And that’s exactly what it is. Think Around the World in 80 Days, or 39 Steps, and you will know exactly what you’re letting yourself in for.

Introduce the Kickstart team with Stephen Stead directing and Greg King designing and it’s a full house. Chatting to the unflappable Hopkins and sitting in on some early rehearsals, it’s an easy one to declare a winner and perfect for this time of year.

We’re already winding down and awfully tired of this year’s shenanigans, so please allow us to take a step into another world and let PG Wodehouse add some bright colours to our lives. And he will, in large brushstrokes with three of the best blokes to say and play his words.

Because there’s lots of play, just look at the title! It’s all perfect nonsense say the lads with huge winks.

“I’m still struggling with the Jeeves turn of phrase,” says Hopkins, who is playing the prissy butler to Roxmouth’s well-intentioned Wooster.

But he could have added that both he and Fridjhon are swapping characters more quickly than you can change into dandy socks and shoes. As people step in and out of this preposterous tale, so do these two boys swap costumes and crazy chatter.

It’s not only the language and the lines which have to be delivered in a frenzy with a certain rhythm and usually as swift as the flick of a finger. It’s also the moves.

One minute Hopkins is the overpowering dame and the next, he’s barking in Wooster’s ear about someone who has lost control.

It’s all about a show that is presented as Bertie Wooster’s own amateurish re-enactment of a recent adventure. Think Hamlet and the play within a play and you will have an idea. It’s a gloriously fun romp, but the boys are still battling and are not sure they’re going to pull it off.

Both Stead and I know differently. We can see the flashes of brilliance and even when they’re not yet at full tilt, it’s a riotous carnival.

“I saw it in London a little while back,” says Hopkins, and giving a huge wink he says, “We’ll be better”.

He also assures that even if this is entertainment with all the spotlights blazing, it’s not without substance. The sheer majesty of their performances will also ensure that. I know I’m talking them up and almost hexing the show, but I’m that confident. It’s just one of those things. It’s been done before and if you get the talent right, it cannot fail. This is one of those times.

If you know the Wodehouse novels, this one takes a number of books and pulls many of the characters across plot and time. And the other ace up their sleeves is designer King, the master of skulduggery when it comes to making things work and expanding into realms that many would have thought impossible.

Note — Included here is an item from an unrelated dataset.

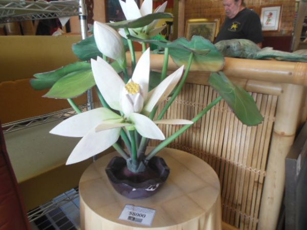 Carved Wood Lotus Sculpture - 25''W x 21.5''H.
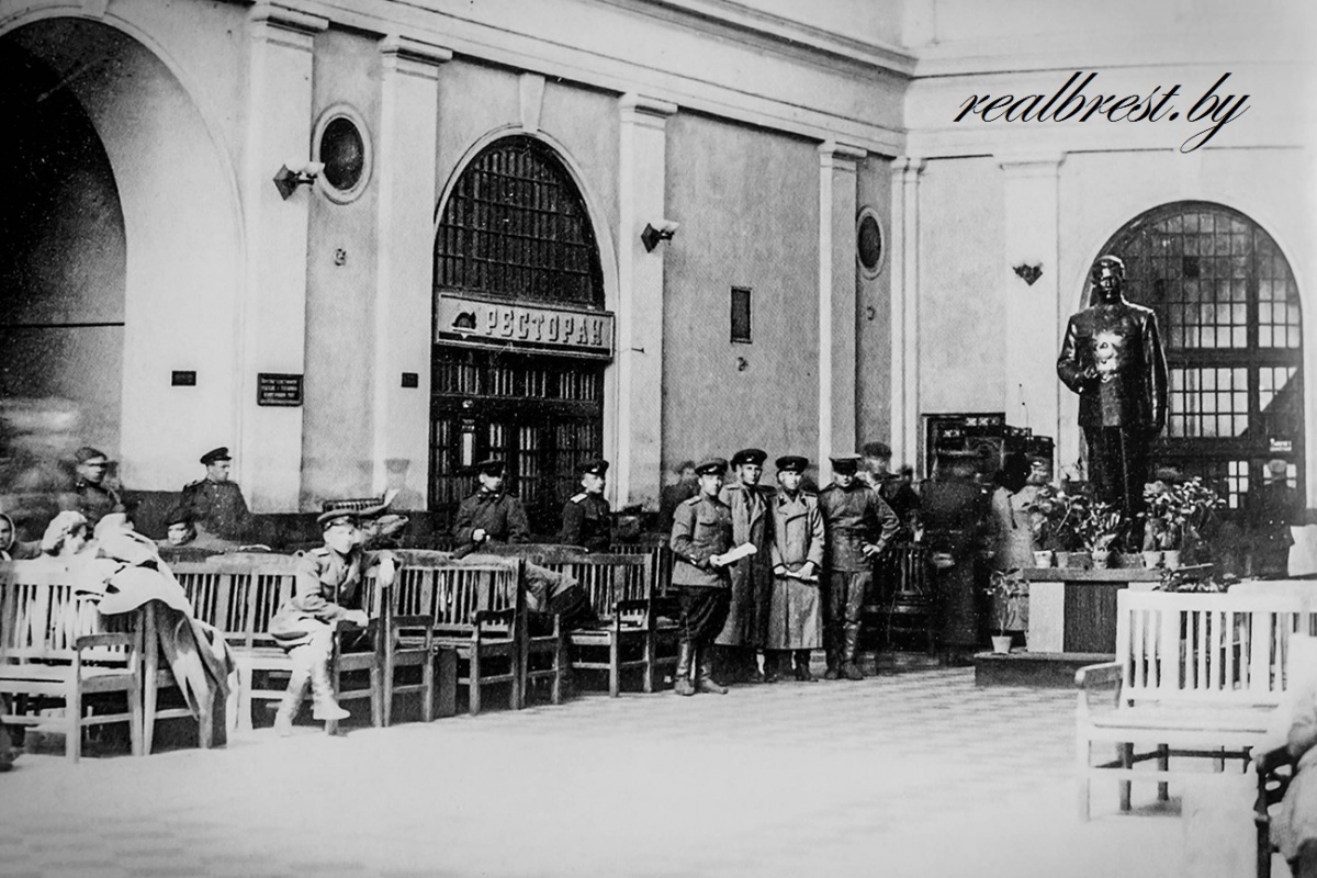 Организационно железнодорожная станция "Брест" подчинялась созданной в декабре 1939 года Брест-Литовской железной дороге. Вокзал Брест-Центральный не претерпевал особых изменений – как внешних, так и внутренних. В зале ожидания установили солидный памятник Сталину из темного мрамора. На стенах были развешаны портреты руководителей СССР. У парадного входа с Московского перрона, слева от дверей, над которым висели круглые часы, стоял белый гипсовый Ленин. Имелась проекционная установка, и по вечерам здесь бесплатно демонстрировались фильмы.

This is a play about content, performance but also about props.

There’s hardly a sneeze that comes without a visual prop, a word without a bubble floating by. But that’s also the thing about this cast. They’ve all got many strings to their bow and bring all their talents to the stage.

Roxmouth will add to the music (naturally), Hopkins will slyly add an extra vowel or the sly slipping of a pointed shoe through the cracks while Fridjhon just seems to be having a blast as he helps the stage manager with the sheer madness of shifting everything on time.

It’s one of those mad romps where from sheer laughing, you’re as exhausted as this madcap cast by the end of it all. But you will leave the theatre with a smile and in wonder at what this kind of exuberant talent can achieve.

Don’t miss it. It has a season at Theatre on the Bay from Friday to November 8, followed by a season on Pieter Toerien’s Studio Stage at Monte from November 14 to January 11.